**PROBLEM DETAILS**
Print the data below verbatim, minus images.

Records excerpted from a collection:
○ ○ ○

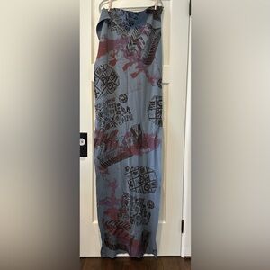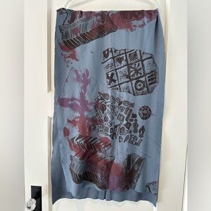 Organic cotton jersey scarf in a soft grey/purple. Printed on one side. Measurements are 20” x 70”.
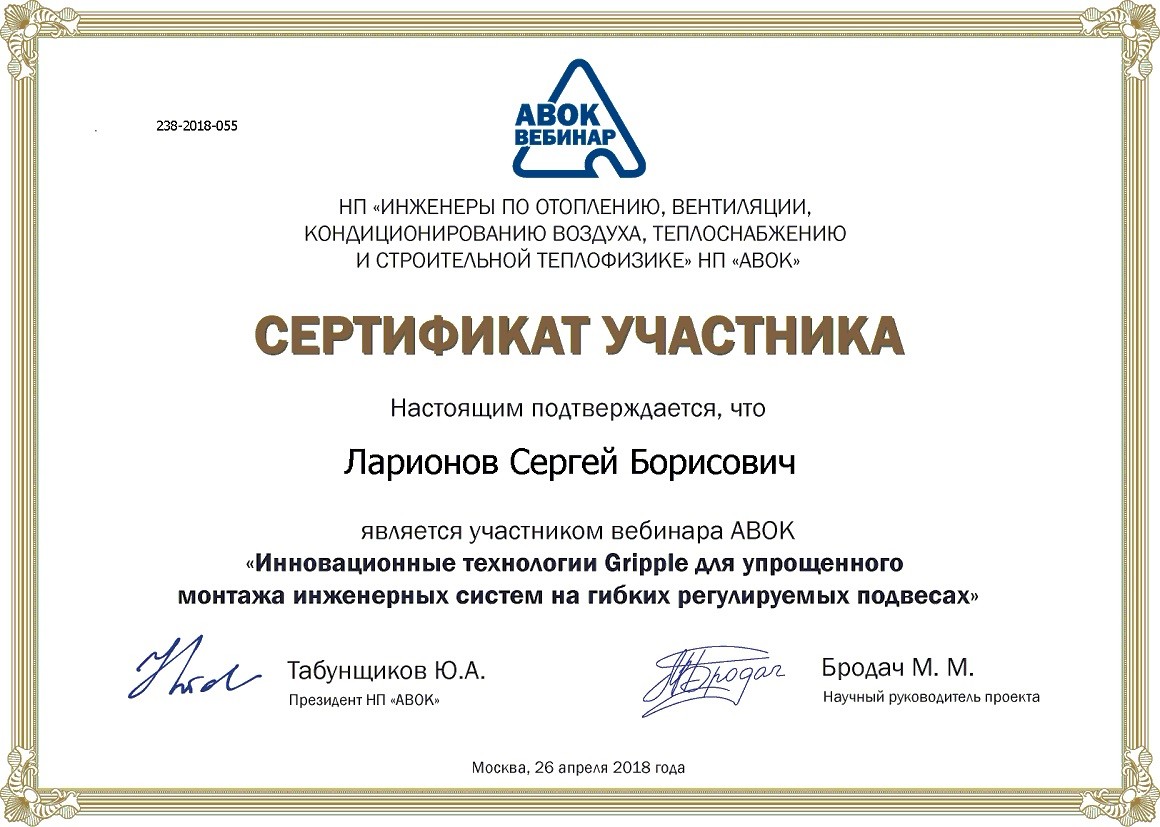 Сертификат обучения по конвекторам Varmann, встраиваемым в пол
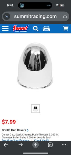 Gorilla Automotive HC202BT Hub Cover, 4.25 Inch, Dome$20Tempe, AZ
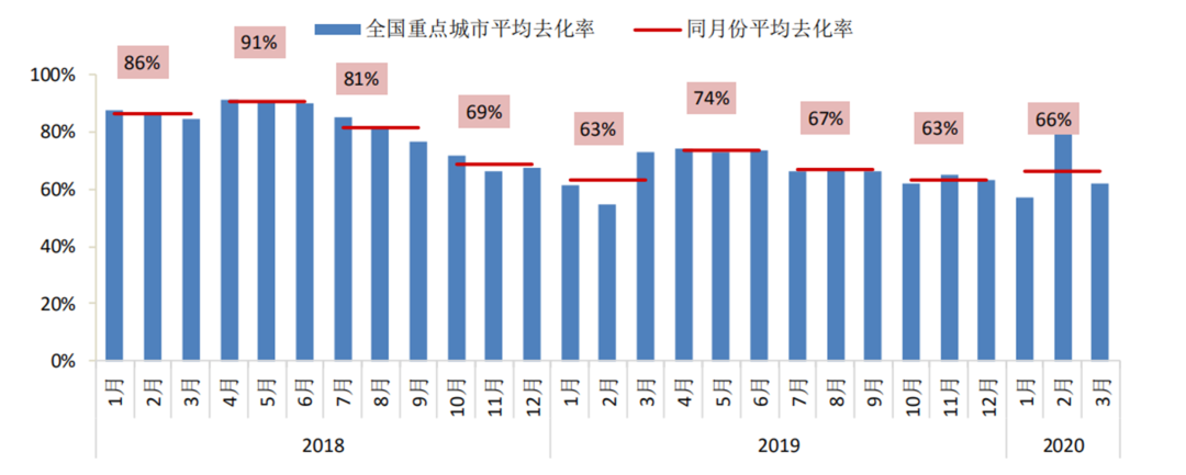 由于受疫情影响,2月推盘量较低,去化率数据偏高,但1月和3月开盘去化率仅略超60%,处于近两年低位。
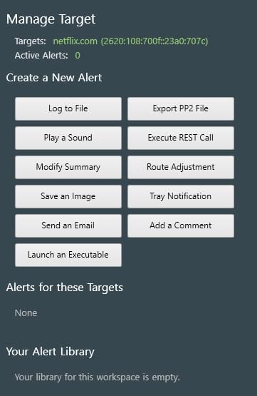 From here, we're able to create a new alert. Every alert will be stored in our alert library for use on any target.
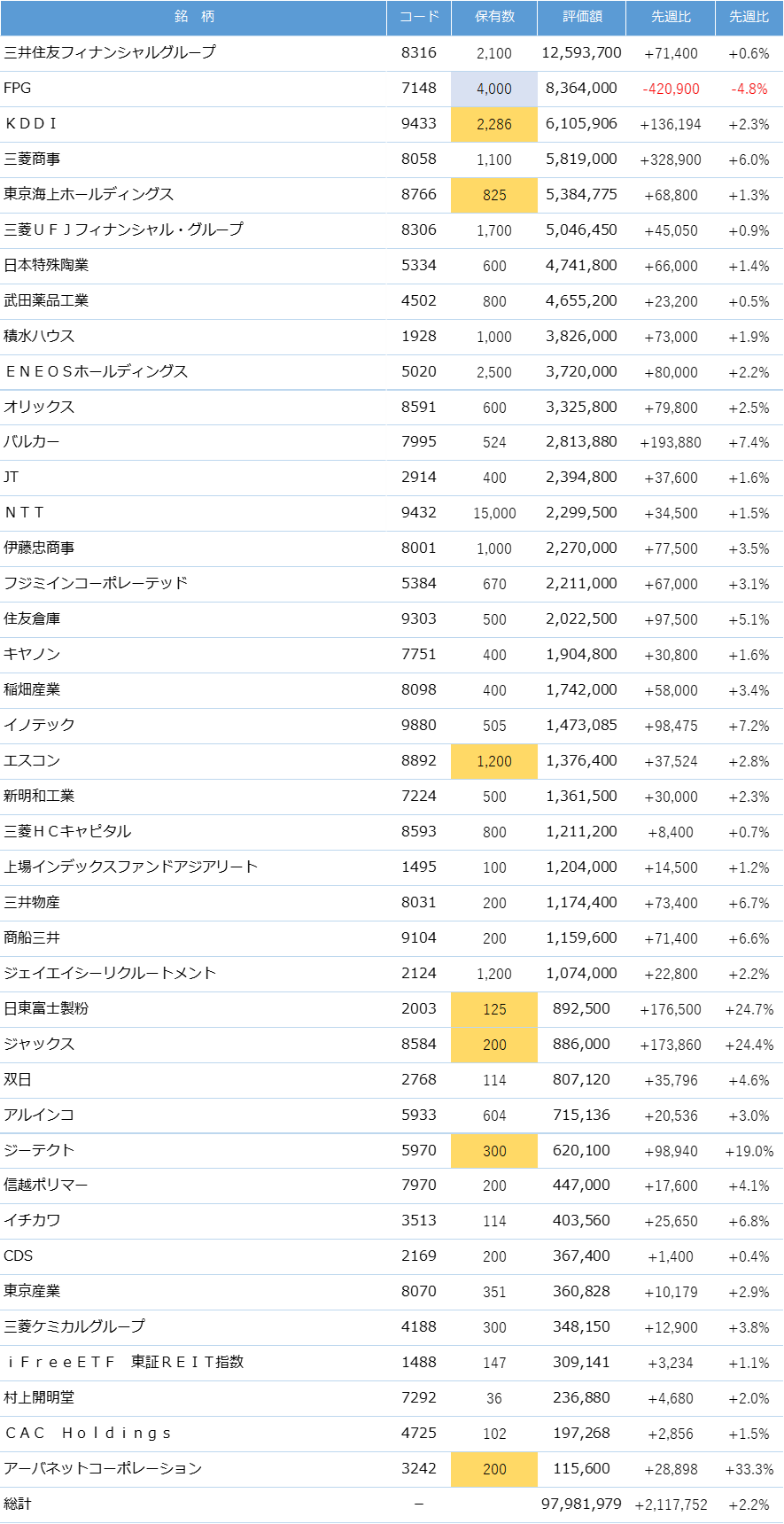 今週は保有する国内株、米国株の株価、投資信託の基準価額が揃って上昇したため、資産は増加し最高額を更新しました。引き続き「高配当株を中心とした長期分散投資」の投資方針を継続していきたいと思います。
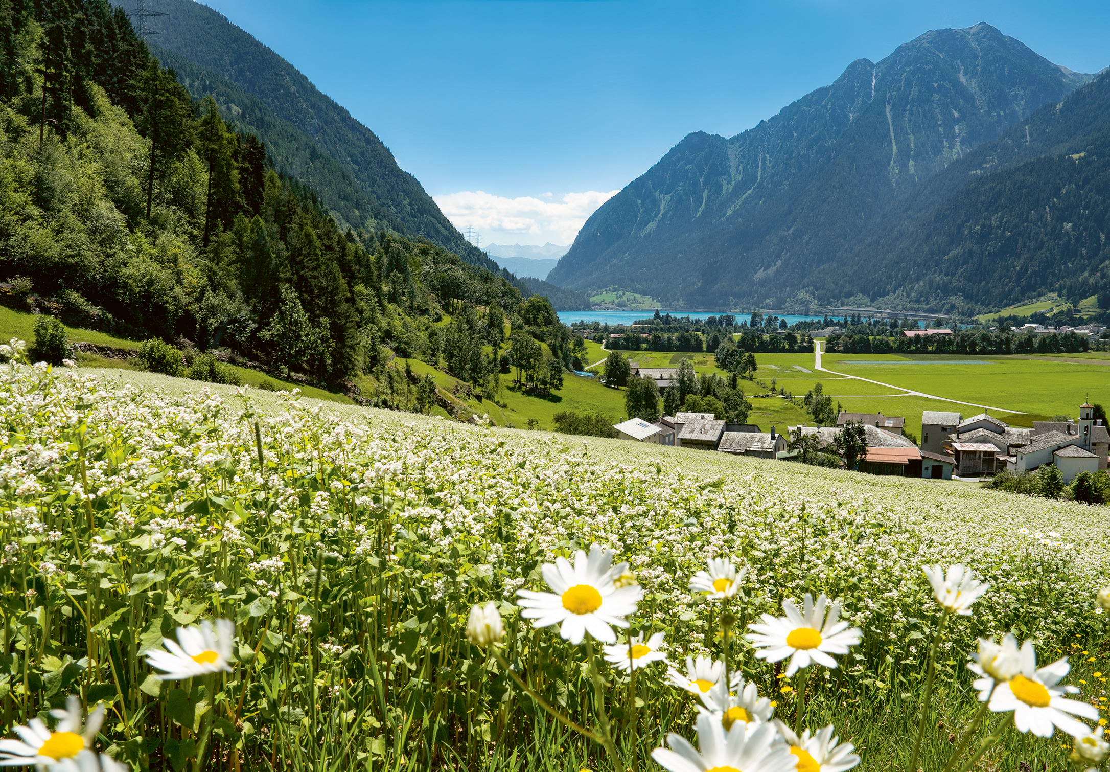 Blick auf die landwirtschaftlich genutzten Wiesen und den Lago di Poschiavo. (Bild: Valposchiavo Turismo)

○ ○ ○

**THE ANSWER**
 Organic cotton jersey scarf in a soft grey/purple. Printed on one side. Measurements are 20” x 70”.
 Сертификат обучения по конвекторам Varmann, встраиваемым в пол
 Gorilla Automotive HC202BT Hub Cover, 4.25 Inch, Dome$20Tempe, AZ
 由于受疫情影响,2月推盘量较低,去化率数据偏高,但1月和3月开盘去化率仅略超60%,处于近两年低位。
 From here, we're able to create a new alert. Every alert will be stored in our alert library for use on any target.
 今週は保有する国内株、米国株の株価、投資信託の基準価額が揃って上昇したため、資産は増加し最高額を更新しました。引き続き「高配当株を中心とした長期分散投資」の投資方針を継続していきたいと思います。
 Blick auf die landwirtschaftlich genutzten Wiesen und den Lago di Poschiavo. (Bild: Valposchiavo Turismo)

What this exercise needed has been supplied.